It is suggested that the angels are wholly against detention, and quotations have been produced. I wish to quote one source that has traditionally considered itself to be on the side of civil liberties and the individual. On 31 January, in its leader, The Guardian said: The issue which needs to he resolved is whether the police have the right to detain someone suspected of an ordinary criminal offence for up to six hours for questioning. The answer to that is: yes—so long as there are adequate safeguards. I support in outline what my hon. and learned Friend the Member for Darwen (Mr. Fletcher-Cooke) said about tape recordings. I am also pleased that in another place provision about redetention was removed. I hope that the details will be hammered out in Committee, but I warmly support the Bill.

Mr. Deputy Speaker

The House will not have failed to notice that I called in succession two hon. Members from the Government Benches. I apologise to the hon. Member for Glasgow, Garscadden (Mr. Dewar), whom I intended to call. I shall rectify that situation by calling con- secutively two Members from the Opposition Benches.

7.38 pm
Mr. Donald Dewar (Glasgow, Garscadden)

I do not know whether the hon. Member for South Angus (Mr. Fraser) will be alarmed or flattered by being confused with myself.

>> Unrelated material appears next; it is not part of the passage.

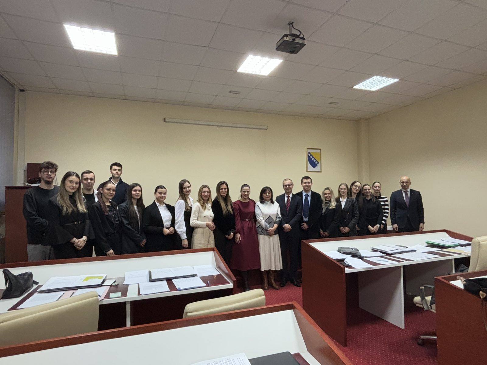 Studenti III godine: Ema Buro, Ajna Alispahić, Advin Čivić i Amar Haseljić i studenti IV godine: Larisa Šabić, Džejla Škiljo, Sajra Kulalić i Harun Selimović, izveli su fantastičnu simulaciju glavnog pretresa pred Sudom BiH i pokazali izvanredne vještine zastupanja u krivičnom postupku na čemu im ovom prilikom još jednom čestitamo.

I believe that we all accept that the Bill is important, but it is a blockbuster of a Bill. It illustrates that big is not always beautiful. I accept that it contains many good clauses and is not a bad Bill in every respect. However, there are a number of key clauses on which I have substantial reservations. The effect of those reservations is cumulative and decisive.

I object to the Bill. It encroaches on civil liberties and is a danger to the ordinary citizen. I shall give three reasons for saying that. One can be found in clause 4, which provides the new powers of search. This is an area of some confusion in my mind, and I look forward in Committee to getting elucidation from Ministers as to exactly what new power—over and above that which already exists in the Prevention of Crime Act 1953—this clause would give the police if it came on to the statute book. Whatever the intention, it is very doubtful whether it would be achieved.

As I understand from previous debates in this area, the Government assume that the new clause will allow the police to search when suspicion that an offence has been committed or is being committed has not crystallised upon an individual but is attached to a group—say, the inhabitants of a dance hall or of a public house, or a group walking down the street. If the courts are persuaded that that is a proper interpretation, there is indeed a real danger of harassment arising from it and from that development in police practice.

It may be said that that is an antipolice point or that it is fanciful. Those who think that it is fanciful should refer to the debates on the last Administration's Bill. They will see that the hon. and learned Gentleman who is now the Solicitor-General suggested that reasonable suspicion that an offence might be committed would amount to the knowledge that someone one saw on the street had previous convictions.

If that is the kind of advice that may well be going forward, there is a real and substantial fear of harassment. It is an encroachment on civil liberties because of the reintroduction of judicial examination, which I take to be an attack on the right to silence. It is a beguiling and a persuasive idea that a special defence or a comment or an explanation about an alleged extrajudicial confession should be put on record at a very early stage. However persuasive the argument may be, and despite the imprimatur of Thomson, it is wrong because it is an implied attack on the right to silence. If that right is exercised, it is open to almost certainly devastating comment, either by the prosecution or the judge. It cannot be said that a right remains inviolate if the exercising of it will attract such a fatal—or possibly fatal—penalty.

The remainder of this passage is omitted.